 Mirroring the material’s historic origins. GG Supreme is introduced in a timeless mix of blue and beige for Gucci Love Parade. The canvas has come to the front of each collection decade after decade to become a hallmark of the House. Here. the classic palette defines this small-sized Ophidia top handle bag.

...

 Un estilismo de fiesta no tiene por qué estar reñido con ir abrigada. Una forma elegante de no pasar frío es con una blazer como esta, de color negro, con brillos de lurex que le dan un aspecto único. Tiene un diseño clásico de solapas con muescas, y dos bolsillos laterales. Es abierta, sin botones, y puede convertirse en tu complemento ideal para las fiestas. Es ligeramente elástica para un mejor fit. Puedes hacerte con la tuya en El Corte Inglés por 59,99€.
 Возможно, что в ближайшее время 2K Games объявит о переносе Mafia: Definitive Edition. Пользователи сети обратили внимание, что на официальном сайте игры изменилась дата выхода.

_WHAT THE TASK REQUIRES_
Precisely the lines between those holding "Un estilismo de" and "Возможно, что в", inclusive, are to be reproduced from the listing above, with nothing added.

_WRITTEN RESPONSE_
 Un estilismo de fiesta no tiene por qué estar reñido con ir abrigada. Una forma elegante de no pasar frío es con una blazer como esta, de color negro, con brillos de lurex que le dan un aspecto único. Tiene un diseño clásico de solapas con muescas, y dos bolsillos laterales. Es abierta, sin botones, y puede convertirse en tu complemento ideal para las fiestas. Es ligeramente elástica para un mejor fit. Puedes hacerte con la tuya en El Corte Inglés por 59,99€.
 Возможно, что в ближайшее время 2K Games объявит о переносе Mafia: Definitive Edition. Пользователи сети обратили внимание, что на официальном сайте игры изменилась дата выхода.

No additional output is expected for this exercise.